As is apparent from the above description,
According to the present invention, since the portion of the pyroelectric substrate on which a plurality of pyroelectric infrared detecting portions is provided in an array shape, which corresponds to the infrared light receiving portion, is in a non-contact state with the circuit board, it is possible to use infrared rays. Greater temperature rise and better sensitivity.

Further, from the information of this device, the position of the person in the room,
Since the number of people, the amount of activity, etc. can be easily known, the security system and the like can be operated reliably.

[Brief description of drawings]

FIG. 1 is a schematic configuration diagram of a temperature distribution measuring device according to an embodiment of the present invention.

FIG. 2 is a diagram showing a relative positional relationship of gear parts of a temperature distribution measuring device according to an embodiment of the present invention.

FIG. 3 is a perspective view of a chopper of a temperature distribution measuring device according to an embodiment of the present invention.

FIG. 4 is a partially cutaway perspective view of a temperature distribution measuring device according to an embodiment of the present invention.

FIG. 5 is a perspective view of an infrared sensor according to an embodiment of the present invention.

FIG. 6 is a perspective view illustrating an infrared sensor manufacturing process according to an embodiment of the present invention.

FIG. 7 is a perspective view of an infrared sensor according to another embodiment of the present invention.

[Explanation of symbols]

 1 Infrared Array Sensor 2 Infrared Lens 3 Sensor Rotating Unit 4 Chopper 5 Motor 6 Output Gear 7 Chopper Gear 8 Chopper Rotating Internal Gear 9 Sensor Rotating Gear 10 Sensor Rotating Internal Gear 11 Chopper Window 20 Pyroelectric substrate 21 Detection electrode 22 Circuit board 23 Leg stand (projection) 26 FET 27 Resistance

Claims (11)

[Claims] 1. A portion of a pyroelectric substrate on which a plurality of pyroelectric infrared detectors are provided in an array, corresponding to an infrared light receiving portion, with respect to a circuit substrate for supporting the pyroelectric substrate.

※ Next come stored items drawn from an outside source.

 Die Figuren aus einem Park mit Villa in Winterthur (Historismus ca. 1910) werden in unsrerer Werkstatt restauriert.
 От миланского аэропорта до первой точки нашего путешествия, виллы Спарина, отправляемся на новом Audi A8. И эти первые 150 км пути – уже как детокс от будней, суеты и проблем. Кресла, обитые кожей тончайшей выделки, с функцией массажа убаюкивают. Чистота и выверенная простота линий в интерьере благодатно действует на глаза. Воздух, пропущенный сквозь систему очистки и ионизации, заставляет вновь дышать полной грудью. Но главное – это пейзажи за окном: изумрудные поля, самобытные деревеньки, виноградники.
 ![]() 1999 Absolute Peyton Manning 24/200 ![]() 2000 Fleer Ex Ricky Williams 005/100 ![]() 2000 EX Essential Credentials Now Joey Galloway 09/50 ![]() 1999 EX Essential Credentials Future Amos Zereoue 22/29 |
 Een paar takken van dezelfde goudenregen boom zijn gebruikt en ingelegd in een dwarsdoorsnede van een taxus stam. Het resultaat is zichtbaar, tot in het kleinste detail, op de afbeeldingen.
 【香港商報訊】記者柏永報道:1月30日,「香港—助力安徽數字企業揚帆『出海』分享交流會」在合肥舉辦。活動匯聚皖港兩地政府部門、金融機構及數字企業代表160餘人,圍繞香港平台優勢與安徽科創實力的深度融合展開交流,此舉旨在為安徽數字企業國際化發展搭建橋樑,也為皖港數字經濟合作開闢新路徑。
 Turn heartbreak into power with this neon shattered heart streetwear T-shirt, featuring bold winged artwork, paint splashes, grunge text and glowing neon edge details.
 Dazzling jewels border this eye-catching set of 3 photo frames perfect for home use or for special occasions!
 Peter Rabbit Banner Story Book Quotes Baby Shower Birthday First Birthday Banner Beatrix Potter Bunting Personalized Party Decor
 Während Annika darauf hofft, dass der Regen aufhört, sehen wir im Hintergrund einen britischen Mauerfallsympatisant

A pyroelectric infrared sensor characterized by being in a non-contact state. 2. The protrusion formed on the circuit board,
The pyroelectric infrared sensor according to claim 1, wherein the non-contact state is created. 3. The protrusions are formed by a method of soldering, printing a conductive paste, applying a paste containing a solid conductive filler, applying a conductive paste containing a solid filler, or transferring the conductive paste. The pyroelectric infrared sensor according to claim 2, wherein the pyroelectric infrared sensor is one. 4. The pyroelectric infrared sensor according to claim 1, wherein a window is formed on the circuit board. 5. The pyroelectric infrared sensor according to claim 1, wherein the FET and the resistor are mounted and integrated on the circuit board. 6. The pyroelectric infrared ray according to claim 5, wherein the FET and the resistor are mounted and integrated on a surface of a circuit board on which the pyroelectric board is mounted. Sensor. 7. The FET and the resistor are mounted and integrated on a surface of the circuit board opposite to the surface on which the pyroelectric substrate is mounted. The described pyroelectric infrared sensor. 8. The pyroelectric infrared sensor according to claim 1, wherein a thermistor for temperature measurement is mounted and integrated on the circuit board. 9. The pyroelectric infrared sensor according to claim 1, which is mounted on a hermetic seal can. 10. The device further comprises a chopping unit for intermittently blocking infrared rays incident on the infrared detection unit, and a rotating unit for continuously rotating the infrared detection unit. The temperature distribution measuring device according to 1 or 5. 11. The temperature distribution measuring device according to claim 10 arranged in a room, and the number and position of persons in the room based on the radiation temperature distribution measured value and / or the time-dependent change value output from the temperature distribution measuring device. Alternatively, a human body detection system comprising a human body detection device that determines the amount of activity of a person in the room.